OB2025 Obesity Update 2025 Case Discussions (3 abstracts)
Evaluating hypothalamic dysfunction using kisspeptin in obesity-related hypogonadism
Kanyada Koysombat 1,2 , Arthur C Yeung 1,2 , Patrick McGown 1,2 , Agathoklis Efthymiadis 1,2 , Sandhi W Nyunt 1,2 , Maria Phylactou 1,2 , Megan Young 1,2 , Bijal Patel 1,2 , Elisabeth Daniels 1,2 , Aureliane C S Pierret 1,2 , Aaran H Patel 1,2 , Jovanna Tsoutsouki 1,2 , Edouard G Mills 1,2 , Anna M Kowalka 1,2 , Chioma Izzi-Engbeaya 1,2 , Tricia M-M Tan 1,2 , Alexander N Comninos 1,2 , Ali Abbara 1,2 & Waljit S Dhillo 1,2
1Imperial College London, London, United Kingdom; 2Imperial College Healthcare NHS Trust, London, United Kingdom
Background: Male obesity-related secondary hypogonadism (MOSH) affects two-thirds of men with BMI ≥40 kg/m2 and is associated with increased mortality. Animal models suggest decreased hypothalamic function in obesity-related hypogonadism. Existing data in men suggests reduced LH pulse-amplitude but no change in LH pulse-frequency with obesity. Herein, we use kisspeptin to directly examine hypothalamic function in men with obesity, both with and without hypogonadism.

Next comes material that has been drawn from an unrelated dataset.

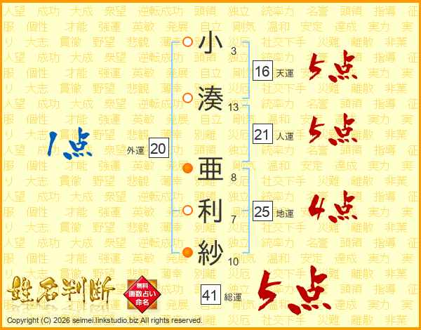 小(3画)湊(13画) 亜(8画)利(7画)紗(10画)

Methods: Men with MOSH (n =21) (BMI ≥30 kg/m2) were identified by fasting total testosterone <10.50nmol/l and free testosterone <0.22nmol/l. We also enrolled eugonadal controls with normal BMI (<30 kg/m2, n =80) and with obesity (BMI ≥30 kg/m2, n =20). Detailed endocrine profiling included assessment of LH-pulsatility (10-minutely sampling for 8hrs), endocrine responses to intravenous bolus administration of kisspeptin-54 to interrogate hypothalamic function, and to gonadotrophin-releasing hormone to interrogate pituitary function, during three study-visits. Hormone concentrations were compared between groups using the Kruskal Wallis test, and endocrine profiles over time using mixed effects models.
Results: Serum total testosterone (β = -0.47), free testosterone (β = -0.01), and dihydrotestosterone (β = -0.04) were inversely associated with BMI (all P <0.0001). LH pulse frequency (median, IQR) was increased with obesity (BMI 20–30 kg/m2: 3.00 [3.00, 4.75] vs >40 kg/m2: median 5.00 [IQR 4.00, 6.00]) pulses per 8h; P =0.007 but LH pulse-amplitude did not differ. Pituitary response to GnRH did not differ between groups. The early-phase LH response to kisspeptin-54 was blunted in men with MOSH compared to eugonadal men (median area under the curve (AUC) at 60 minutes: MOSH 38.78 [23.85, 78.26] vs lean controls 108.7 [78.56, 190.40]P <0.0001, vs eugonadal men with obesity 124.1 [81.58, 163.90] IU·h/l, P =0.0011). The FSH response to kisspeptin-54 was higher in eugonadal men with obesity than lean controls (median AUC of FSH rise after kisspeptin-54: obese eugonadal 893.80 [596.10, 1104.00] vs lean eugonadal 434.80 [292.70, 692.10] IU·h/l; P =0.003).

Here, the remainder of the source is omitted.